The metal pipe may have a wider end segment (hereinafter "bell") and a narrower end segment (hereinafter "spigot"), such that, when multiple integrated jacking pipes are connected in series, the spigot of one metal pipe penetrates into the bell of another metal pipe. Following the jacking process, every pair of adjacent bell and spigot may be welded, to form a seal. The metal pipe may be formed such that a certain circumferential clearance is maintained between every pair of adjacent bell and spigot. The clearance may prevent, or at least mitigate, any deformity that can result from contact between one metal pipe and another metal pipe during the pipe jacking process, in which, occasionally, two adjacent metal pipes may change their relative posture. In addition, due to accuracy limitations inherent to the manufacturing process of the integrated jacking pipe, the clearance, while slightly varying between different integrated jacking pipes, may still endow the space needed for the aforesaid purpose. The level of clearance may be selected such that it balances between the deformity prevention and the subsequent welding; while the best welding is naturally achieved with near-zero clearance, adequate welding may still be achieved if some clearance exists, such as a clearance of a few millimeters to a few centimeters.

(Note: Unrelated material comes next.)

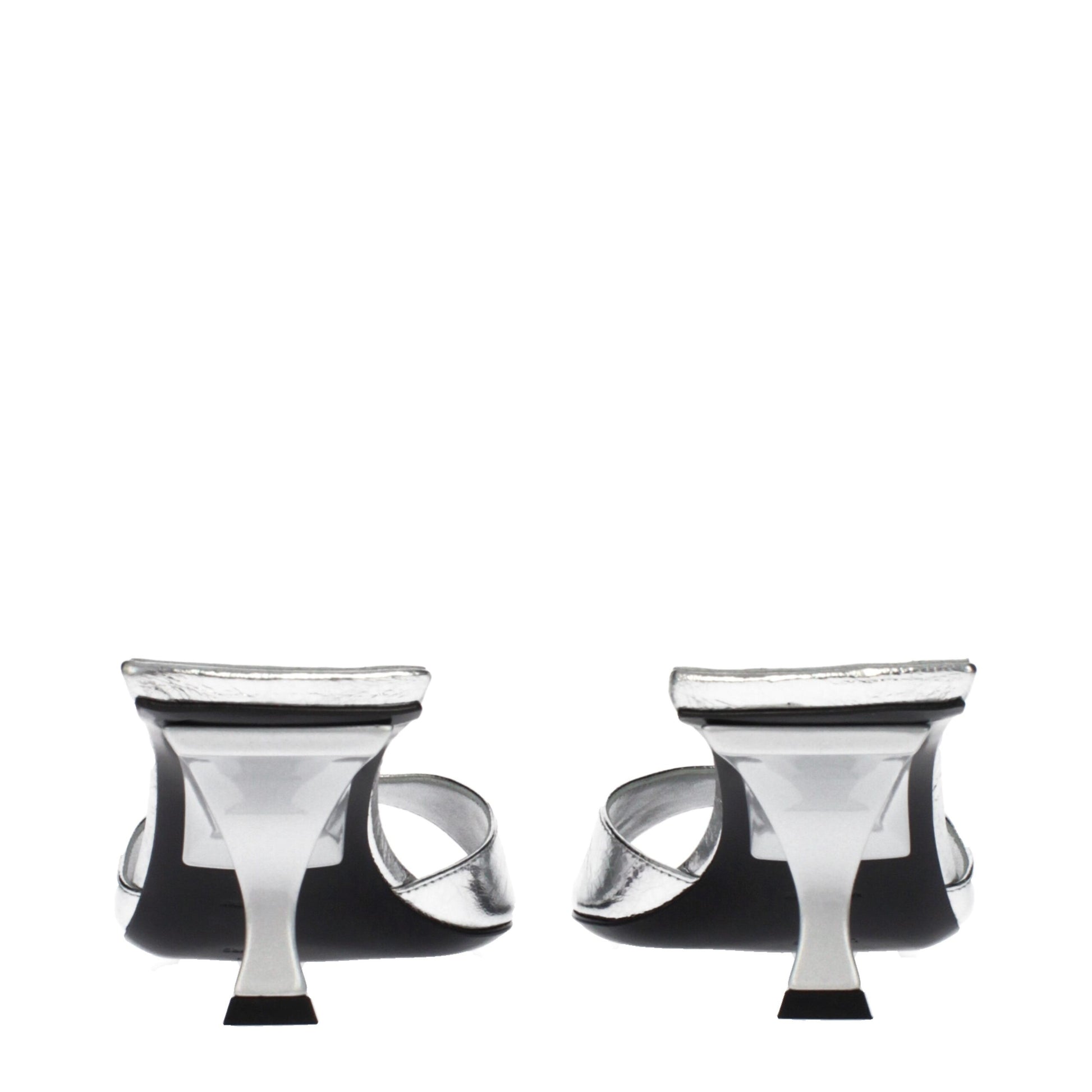 The product with MPN SH00838LBT070AA002 and code F85310 leather in silver is a sandals designed by The Attico. It has features like vintage effect.

The concrete jacking envelope, in turn, may include a concrete cylinder which has a narrower end segment (hereinafter "male end segment") on one side, optionally surrounded by a rubber seal, and a circumferential metal collar (hereinafter "female end segment") on the other side. The female end segment may be anchored to the concrete cylinder when the integrated jacking pipe is formed, for example by molding. When multiple integrated jacking pipes are interconnected, the female end segment of one concrete jacking envelope may slide over the male end segment of an adjacent concrete jacking envelope, with the rubber seal interfacing between the two. The rubber seal may prevent unwanted substances, such as underground water or/and a muddy mixture from penetrating the metal pipe.

The concrete jacking envelope may further include a load distributor, such as a plywood pad, disposed on a side rim of the concrete jacking envelope. If two adjacent integrated jacking pipes are not entirely parallel during the jacking process, the load distributor may absorb and distribute, over a relative large area of the side rim, the loads that, otherwise, would not have been evenly distributed over the side rim. This may help prevent damage to the concrete jacking envelope.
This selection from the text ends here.